An electromagnetic wave of wavelength ‘λ’ is incident on a photosensitive surface of negligible work function. If ‘m’ mass is of photoelectron emitted from the surface that has de-Broglie wavelength λ_d, then

• A. \(\lambda=(\frac{2h}{mc})\lambda d^2\)
• B. \(\lambda=(\frac{2m}{hc})\lambda d^2\)
• C. \(\lambda_d=(\frac{2mc}{h})\lambda^2\)
• D. \(\lambda=(\frac{2mc}{h})\lambda d^2\)

Answer 1

The Correct Option is D

To solve this problem, we need to understand the relationship between the wavelengths of the incident electromagnetic wave and the de-Broglie wavelength of the emitted photoelectron. The problem involves Photoelectric Effect and de-Broglie Hypothesis.

Conceptual Understanding:

• The Photoelectric Effect explains that when light of sufficient frequency (or energy) strikes a material, it emits electrons. The energy of the incident photon should be sufficient to overcome the work function of the material.
• The de-Broglie Hypothesis states that every moving particle or object has an associated wave. For a particle like an electron, the de-Broglie wavelength \( \lambda_d \) is given by: \(\lambda_d = \frac{h}{p}\), where \( p \) is the momentum of the particle.

Solution Steps and Equations:

1. The energy of the incident photon with wavelength \( \lambda \) is given by: \(E = \frac{hc}{\lambda}\), where \( h \) is Planck's constant and \( c \) is the speed of light.
2. As the work function is negligible, all the energy of the photon goes into the kinetic energy of the emitted electron. Thus, the kinetic energy \( K \) is: \(K = \frac{hc}{\lambda}\).
3. The kinetic energy is also related to the de-Broglie wavelength by the relation: \(K = \frac{p^2}{2m}\), where \( p \) is the momentum and \( m \) is the mass of the electron.
4. From the de-Broglie relation \(\lambda_d = \frac{h}{p}\), we can express the momentum as: \(p = \frac{h}{\lambda_d}\).
5. Substitute for \( p \) in the kinetic energy relation: \(K = \frac{\left(\frac{h}{\lambda_d}\right)^2}{2m} = \frac{h^2}{2m\lambda_d^2}\).
6. Equating the two expressions for kinetic energy: \(\frac{hc}{\lambda} = \frac{h^2}{2m\lambda_d^2}\).
7. Solving for \( \lambda \): \(\lambda = \frac{2mc}{h} \lambda_d^2\).

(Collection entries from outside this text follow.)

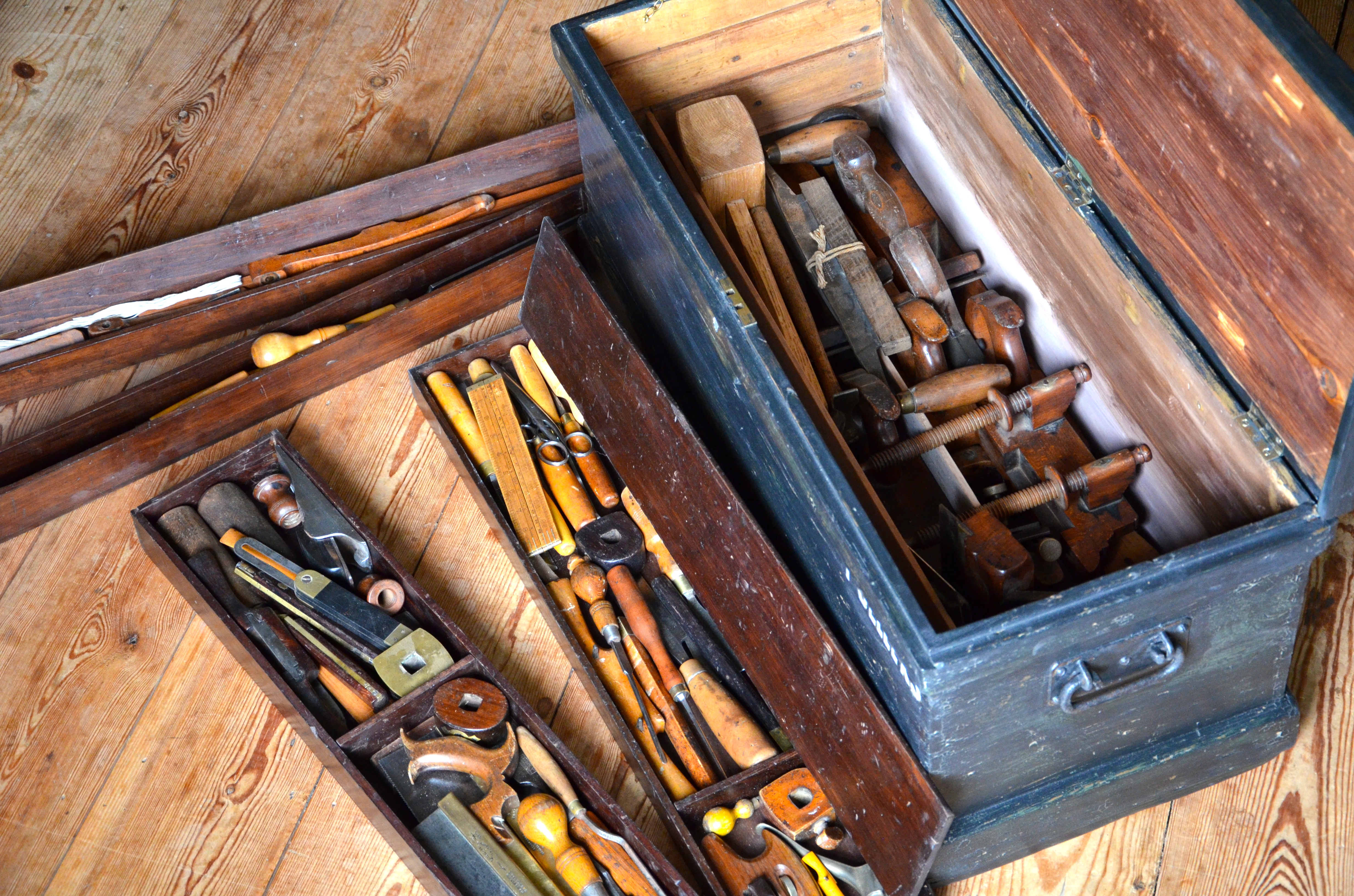I looked inside the wooden box where his tools were always placed in an interlocking pattern that allowed each tool to fit into or beside another but only one way. I knew to look only for a short second, barely a glance, any longer and I'd get a cuff around the head and a harsh word accusing me of 'casing the joint ready to steal something' when his back was turned. Of course, I wouldn't, but such was the culture of the day. Ten benches with a four-foot spacing between and set in a rectangle would be the rarity today as it was then. Wood and the working of it from beam to chairs and tables by hand with an odd trip to a machine in between are all but gone in most shops these days. Here, I am talking about toolboxes and chests laden with ebony and rosewood infil planes, wooden squares, sliding bevels and much more. Wooden plough planes, filletsters were fading out as tools of use, Jack planes in beech and then some vintage tools we would most likely have no knowledge of any more lined the insides of the boxes and perched on the benches nearby. I was in those transitional years when these chests and toolboxes would go with the man when he left for final retirement and they would never be replaced; no one would bring such things to their workplace to work from them or use them again in any ensuing generations. I saw it then and it did indeed come to pass.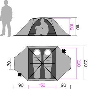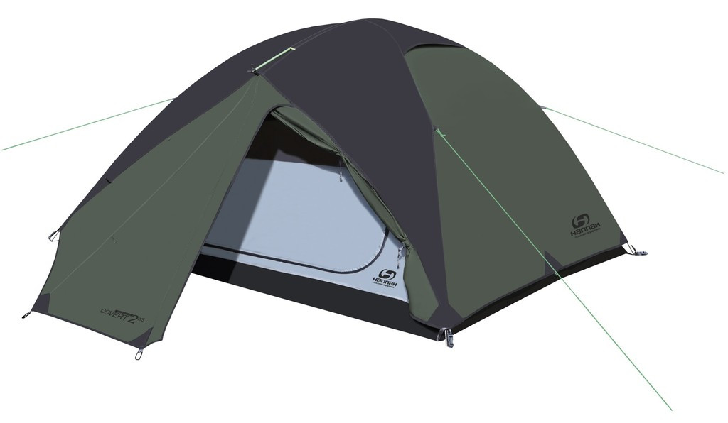 Cort pentru 2 persoane Hannah Covert 2 WS Verde/Gri cu 2 intrari, structura interioara cu fixare exterioara cu 3 bete din Dural 7001-T6, 2 ventilatii, impermeabilitate: 4000mm (folie exterioara) / 10000mm (folie sol), greutate: 3.1 kg.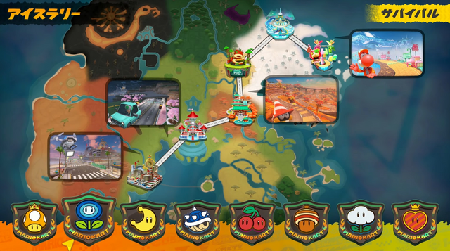 公式サイトでは「パワフルラリー」「アイスラリー」「ムーンラリー」が映像付きで紹介されています。配信された映像では8つのカップが用意されていて、その中では「トゲゾーラリー」のルートも確認できます。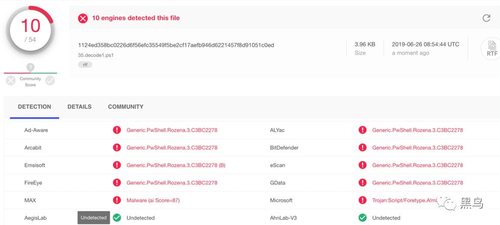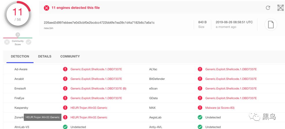 通过 virustotal 信息可以看到,国内所有杀软对此shellcode 文件都无检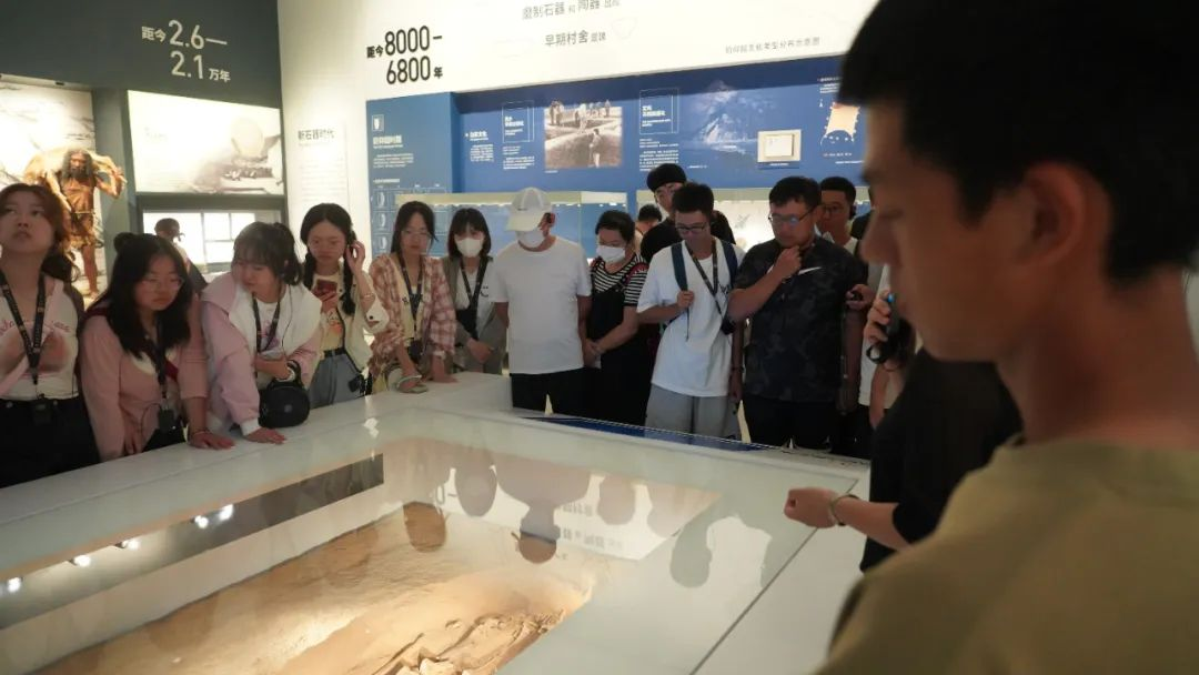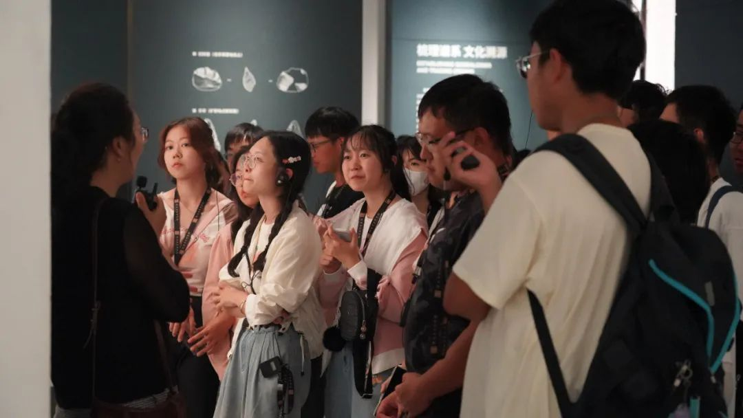 与会领导、嘉宾和全体师生合影留念后,伟德国际1946官方网12名专业教师和学生志愿者分组带领2023级全体新生参观陕西考古博物馆,开展实践教学,让大家全面了解陕西考古事业的发展历程和重大收获,为接下来的学习生活做好坚实铺垫。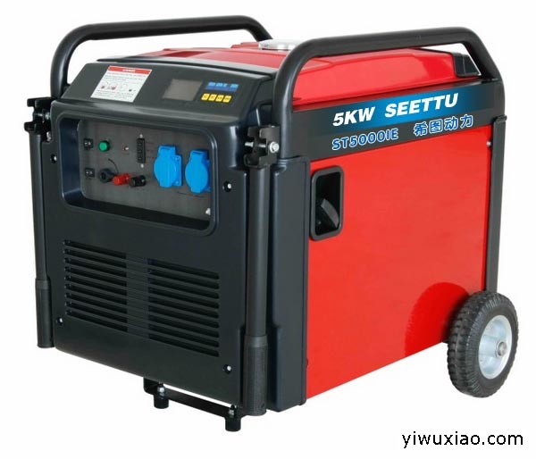 Model ST5000IERated frequency(Hz)50 60 Rated output Voltage(V)230 120Rated output power(kw)5.0Max output power(kw)5.5Short circuit protection time(us)4Phase numberSingle phaseDC output 12V/8.3A Fuel tank capacity(L)20run time per tankful(H)6Noise level(dBA/7m) 60~65Dimension(L×W×H)(mm) 850×600×750Net/Gross weight(kg) 80/85Engine model ST290F Engine type OHV250,single cylinder, air-cooled, 4-strokeDisplacement (ml) 291 Bore*Stroke(mm×mm) 80×58Rated speed(r/min) 3600Rated power(kW) 6.5Fuel type Automotive unleaded gasoline Fuel consumption(g/kW.h) 351 Oil type SAE15W-40 Oil capacity(L) 1.1 型号 ST5000IE额定频率(Hz)50 60 额定电压(V)230 120 额定输出功率(kva)5.0 最大输出功率(kva)5.5 短路保护时间(us)4 相数 单相直流输出 12V/8.3A 油箱容积(L)20 连续工作时间(H)6 噪音水平(dBA/7m) 60~65 尺寸(L×W×H)(mm) 850×600×750 净重/毛重(kg) 80/85启动方式:电启动 遥控启动动力型号 ST290F 发动机型号 OHV250,单缸,气冷四冲程排气量(ml) 291 缸径x行程(mm×mm) 80×58 额定速度(r/min) 3600 额定功率r(kW) 6.5 汽油型号 无铅汽油 耗油量(g/kW.h) 351 机油型号 SAE15W-40 机油容量(L) 1.1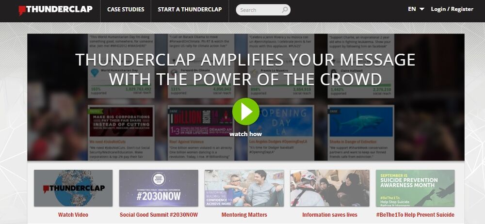 Sajt Thunderclap je vrlo poseban sajt. On za cilj ima da pruži ljudima šansu da zajedno prenesu i rašire neku važnu, i najčešće humanu poruku.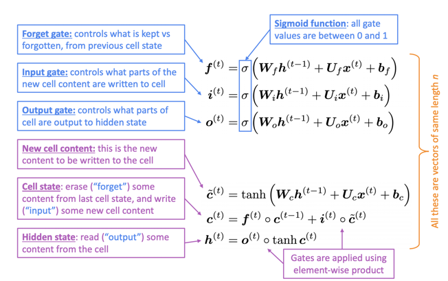 - $ c $ : 이전 cell state에서 유지되어야 할 값이 forget gate를 통해서 유지되고, 새로 생성된 cell content의 값 중 기록해야 할 값을 output gate를 통해서 기록된다.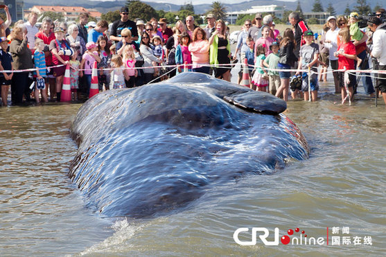 新西兰海滩惊现“深海巨兽” 数百人围观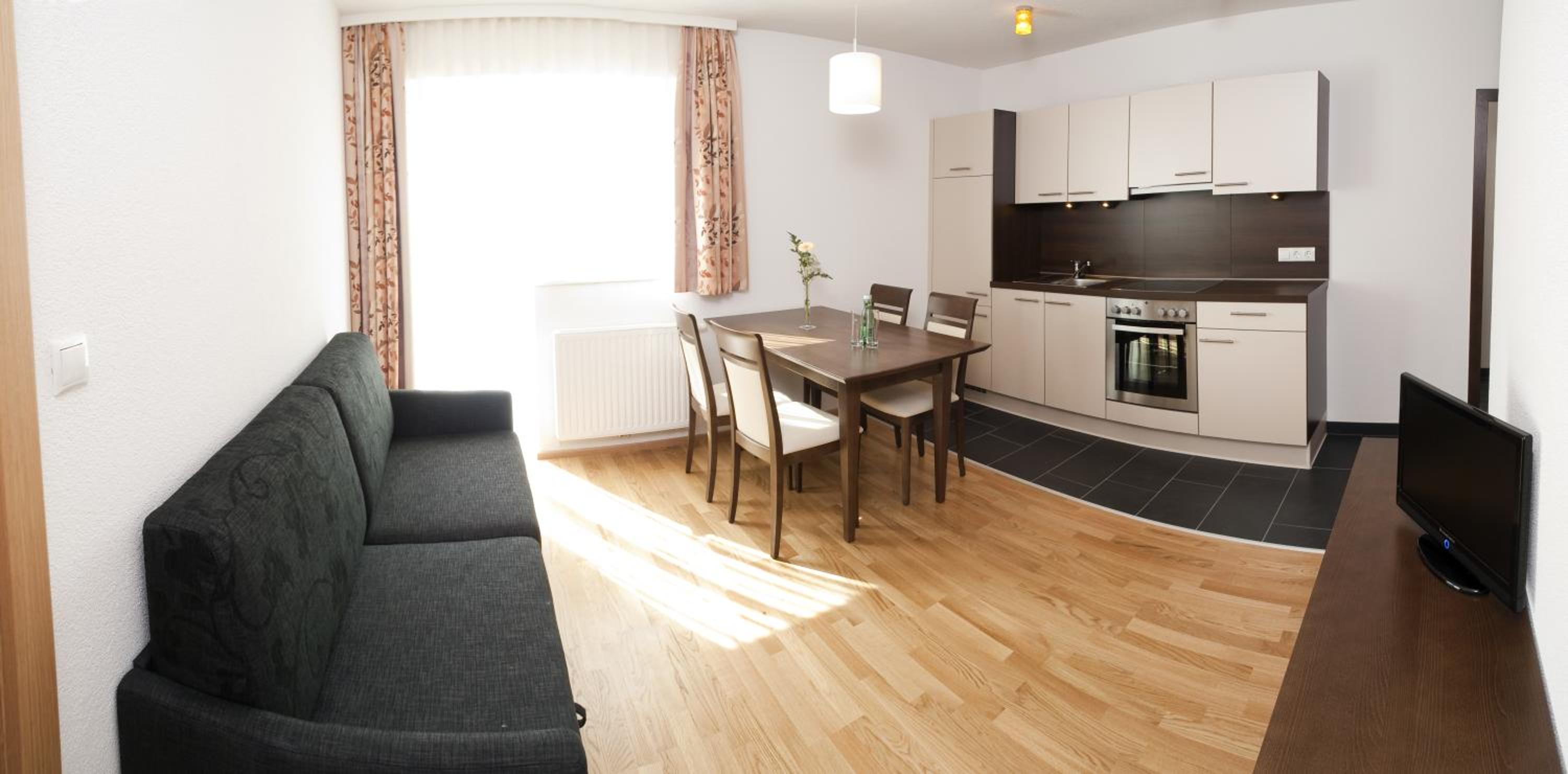 O quarto é maravilhoso..vista linda pra neve..atendimento dos donos é perfeito. Simpaticos, prestativos..Banheiro ótimo, camas ótimas, silêncio. Teleférico para neve a 5 min e outros picos a 29 minutos. Insbruck a 25min de ônibus, vc pega o ônibus na frente do hotel e de graça.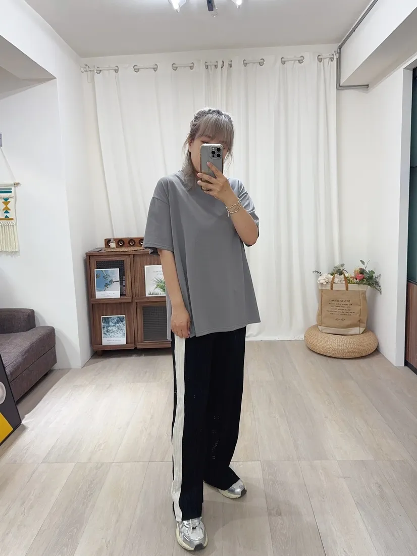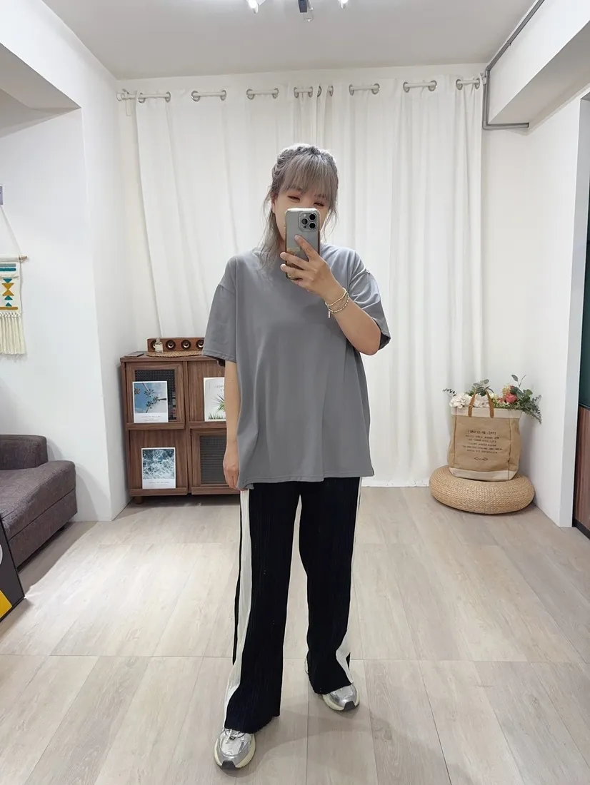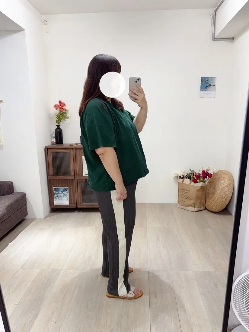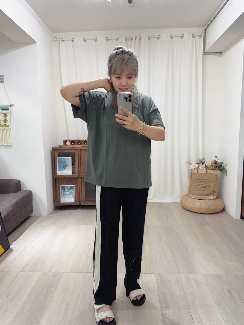 ✓ 側邊拼接白條,讓下半身小一號視覺感

Thus, the correct relation consistent with the de-Broglie hypothesis and the photoelectric effect is: \(\lambda=(\frac{2mc}{h})\lambda d^2\).

Conclusion: This equation correctly relates the wavelength of the incident electromagnetic wave, the de-Broglie wavelength, and other constants. Thus, the correct answer is option: \(\lambda=(\frac{2mc}{h})\lambda d^2\).